Task description: What you give back must match the data exactly, minus the pictures.

#####

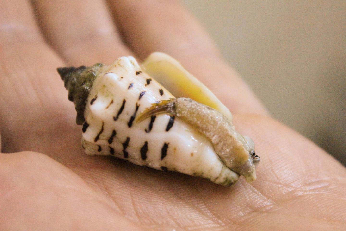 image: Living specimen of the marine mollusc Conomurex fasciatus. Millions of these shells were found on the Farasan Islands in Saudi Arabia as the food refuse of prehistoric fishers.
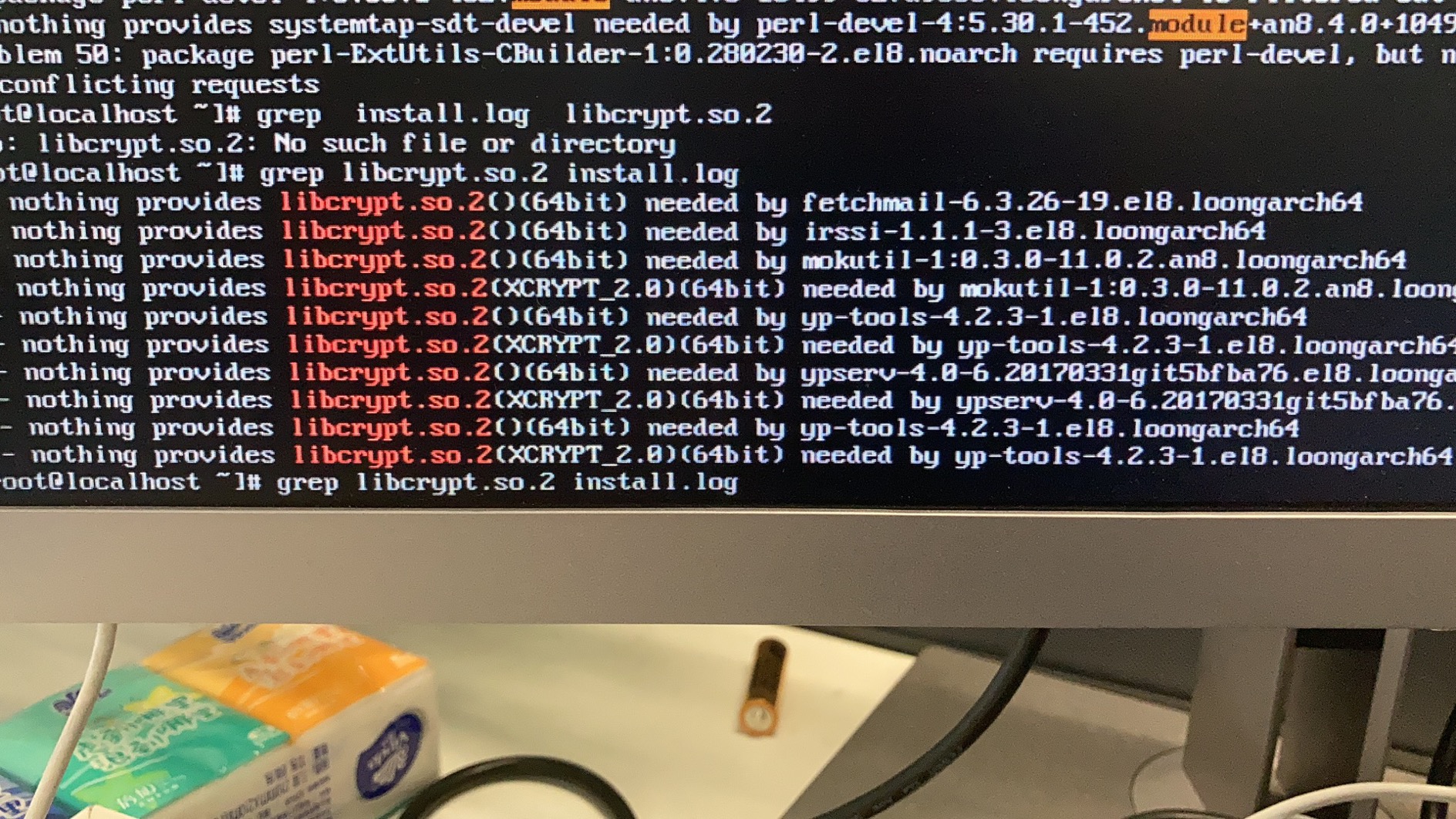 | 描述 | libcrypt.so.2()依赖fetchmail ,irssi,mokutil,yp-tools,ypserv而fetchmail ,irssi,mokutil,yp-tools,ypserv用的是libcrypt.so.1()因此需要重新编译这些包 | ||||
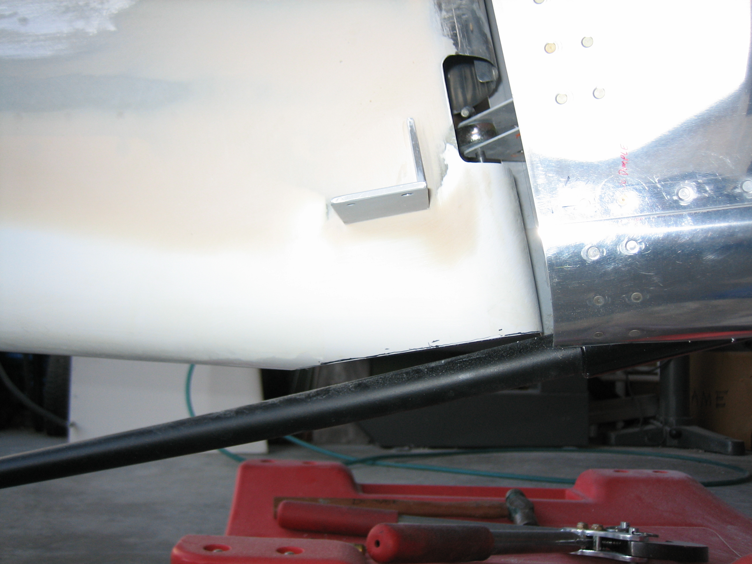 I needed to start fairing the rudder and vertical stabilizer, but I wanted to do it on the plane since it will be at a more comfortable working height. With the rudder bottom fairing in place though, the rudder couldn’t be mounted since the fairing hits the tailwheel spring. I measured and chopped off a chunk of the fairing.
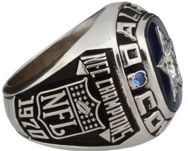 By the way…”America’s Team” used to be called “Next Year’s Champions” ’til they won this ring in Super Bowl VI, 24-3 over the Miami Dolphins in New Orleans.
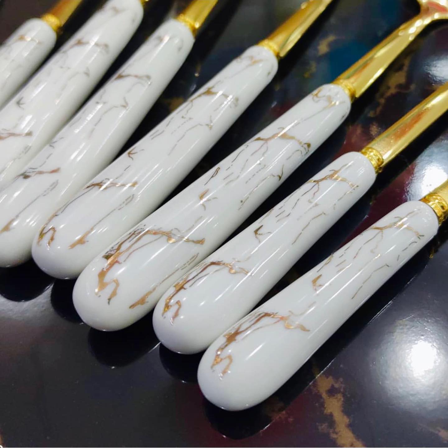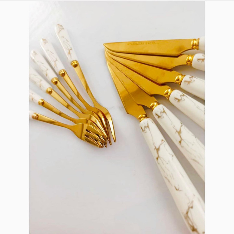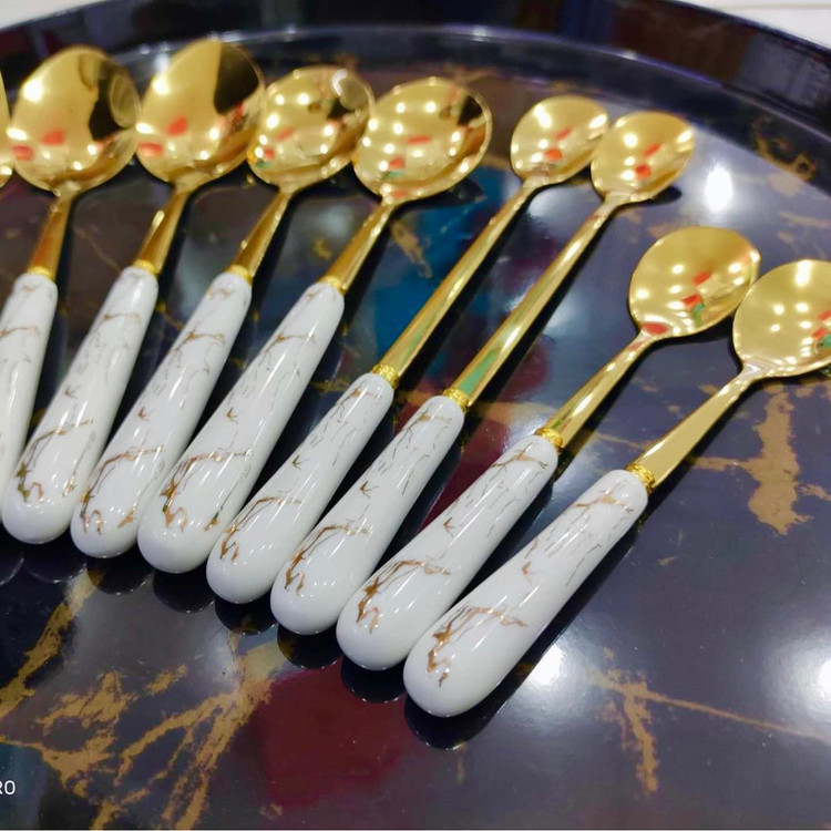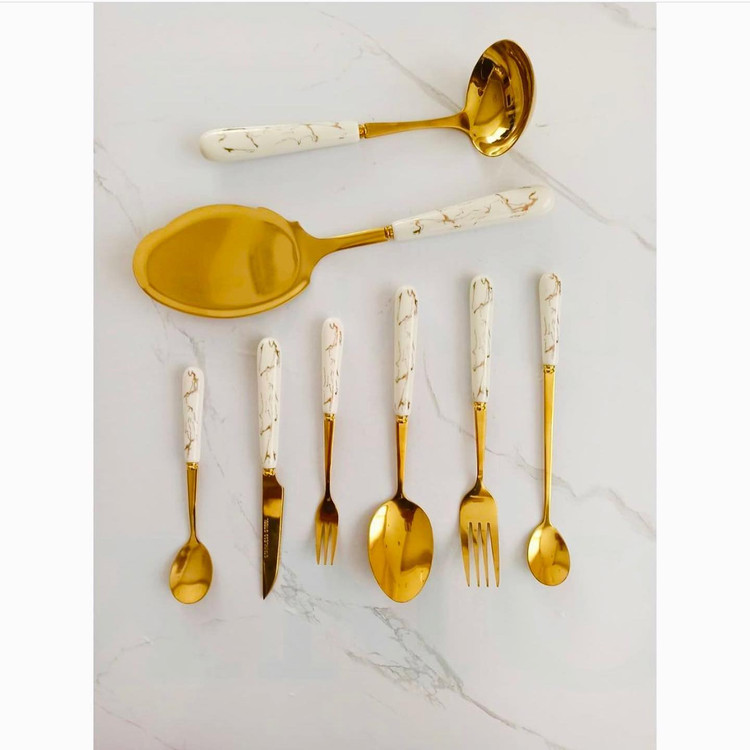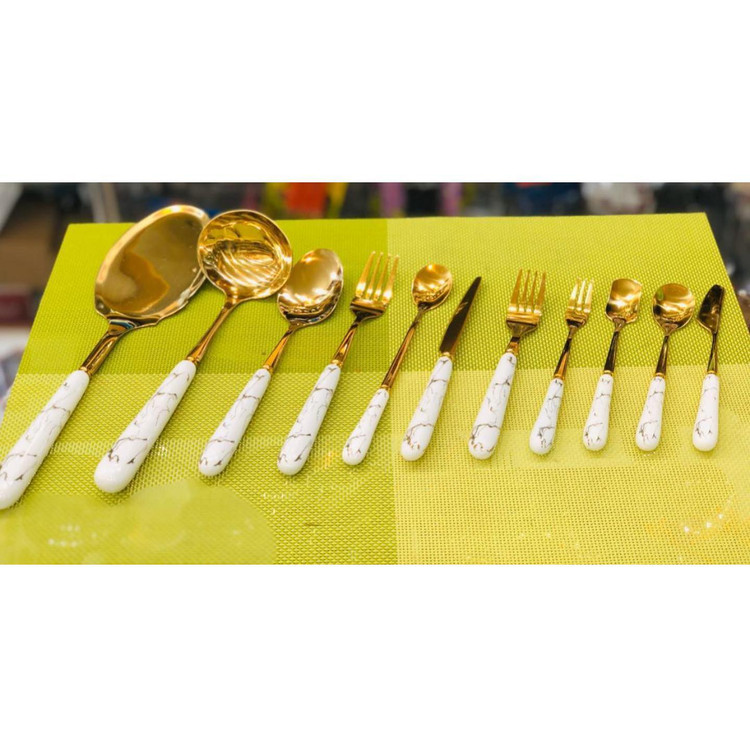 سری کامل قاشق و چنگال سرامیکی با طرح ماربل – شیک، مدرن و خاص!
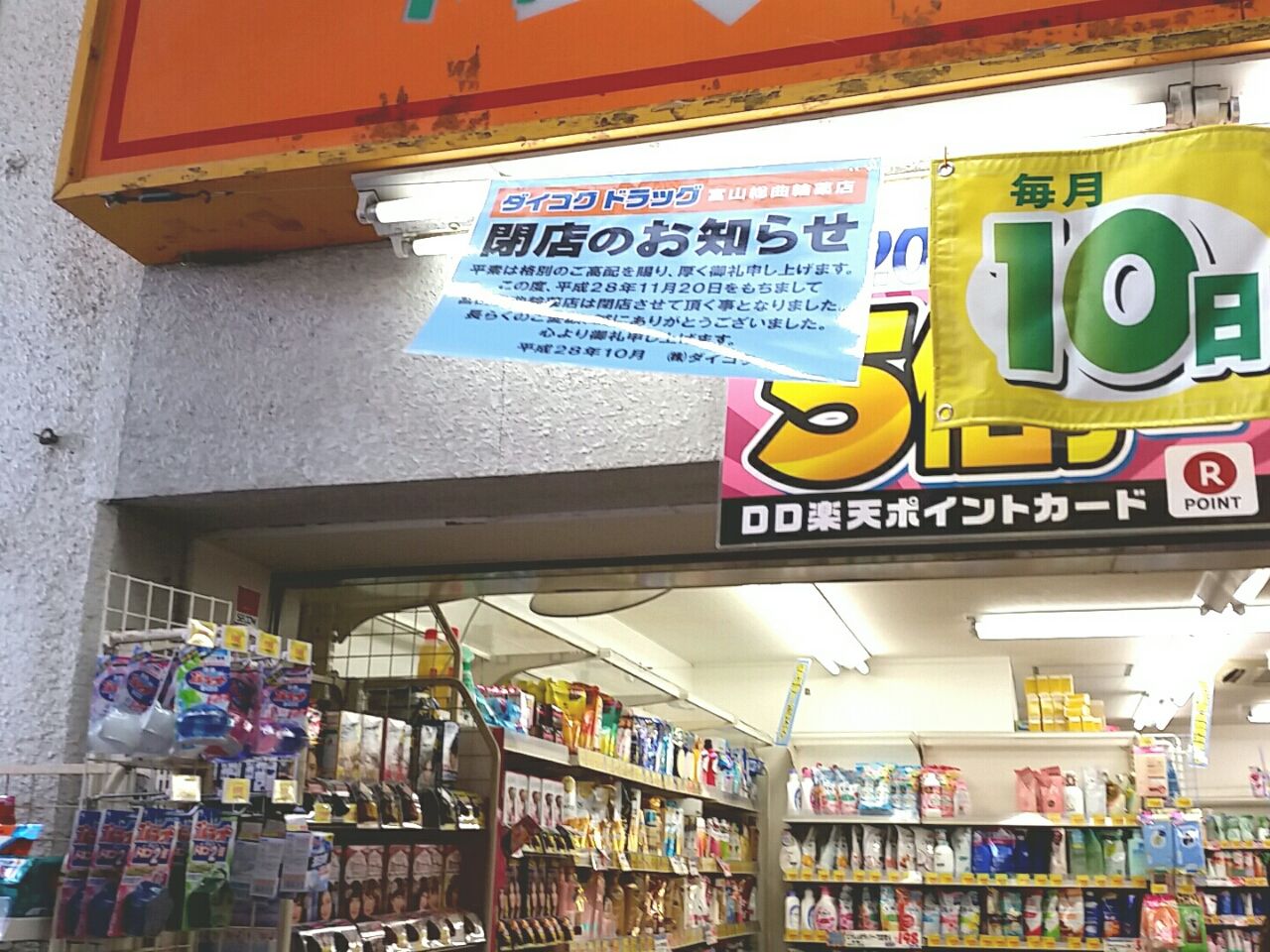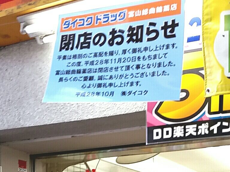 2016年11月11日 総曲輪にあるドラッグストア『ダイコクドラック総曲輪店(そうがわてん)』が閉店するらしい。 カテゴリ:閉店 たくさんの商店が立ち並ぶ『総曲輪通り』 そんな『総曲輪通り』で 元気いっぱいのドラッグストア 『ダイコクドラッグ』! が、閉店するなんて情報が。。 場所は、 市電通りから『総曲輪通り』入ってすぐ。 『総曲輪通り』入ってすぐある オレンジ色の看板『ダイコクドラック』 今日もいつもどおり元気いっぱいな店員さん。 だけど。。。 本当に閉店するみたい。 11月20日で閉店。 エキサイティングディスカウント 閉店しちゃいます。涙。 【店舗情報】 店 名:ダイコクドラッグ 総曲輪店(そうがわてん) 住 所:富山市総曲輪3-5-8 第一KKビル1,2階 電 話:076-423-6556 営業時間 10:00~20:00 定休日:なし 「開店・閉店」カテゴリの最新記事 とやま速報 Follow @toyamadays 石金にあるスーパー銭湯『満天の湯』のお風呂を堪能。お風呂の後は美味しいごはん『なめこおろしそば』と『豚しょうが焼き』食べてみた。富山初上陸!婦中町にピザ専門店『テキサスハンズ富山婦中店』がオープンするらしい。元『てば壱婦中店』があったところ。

#####

Response:
 image: Living specimen of the marine mollusc Conomurex fasciatus. Millions of these shells were found on the Farasan Islands in Saudi Arabia as the food refuse of prehistoric fishers.
 | 描述 | libcrypt.so.2()依赖fetchmail ,irssi,mokutil,yp-tools,ypserv而fetchmail ,irssi,mokutil,yp-tools,ypserv用的是libcrypt.so.1()因此需要重新编译这些包 | ||||
 I needed to start fairing the rudder and vertical stabilizer, but I wanted to do it on the plane since it will be at a more comfortable working height. With the rudder bottom fairing in place though, the rudder couldn’t be mounted since the fairing hits the tailwheel spring. I measured and chopped off a chunk of the fairing.
 By the way…”America’s Team” used to be called “Next Year’s Champions” ’til they won this ring in Super Bowl VI, 24-3 over the Miami Dolphins in New Orleans.
 سری کامل قاشق و چنگال سرامیکی با طرح ماربل – شیک، مدرن و خاص!
 2016年11月11日 総曲輪にあるドラッグストア『ダイコクドラック総曲輪店(そうがわてん)』が閉店するらしい。 カテゴリ:閉店 たくさんの商店が立ち並ぶ『総曲輪通り』 そんな『総曲輪通り』で 元気いっぱいのドラッグストア 『ダイコクドラッグ』! が、閉店するなんて情報が。。 場所は、 市電通りから『総曲輪通り』入ってすぐ。 『総曲輪通り』入ってすぐある オレンジ色の看板『ダイコクドラック』 今日もいつもどおり元気いっぱいな店員さん。 だけど。。。 本当に閉店するみたい。 11月20日で閉店。 エキサイティングディスカウント 閉店しちゃいます。涙。 【店舗情報】 店 名:ダイコクドラッグ 総曲輪店(そうがわてん) 住 所:富山市総曲輪3-5-8 第一KKビル1,2階 電 話:076-423-6556 営業時間 10:00~20:00 定休日:なし 「開店・閉店」カテゴリの最新記事 とやま速報 Follow @toyamadays 石金にあるスーパー銭湯『満天の湯』のお風呂を堪能。お風呂の後は美味しいごはん『なめこおろしそば』と『豚しょうが焼き』食べてみた。富山初上陸!婦中町にピザ専門店『テキサスハンズ富山婦中店』がオープンするらしい。元『てば壱婦中店』があったところ。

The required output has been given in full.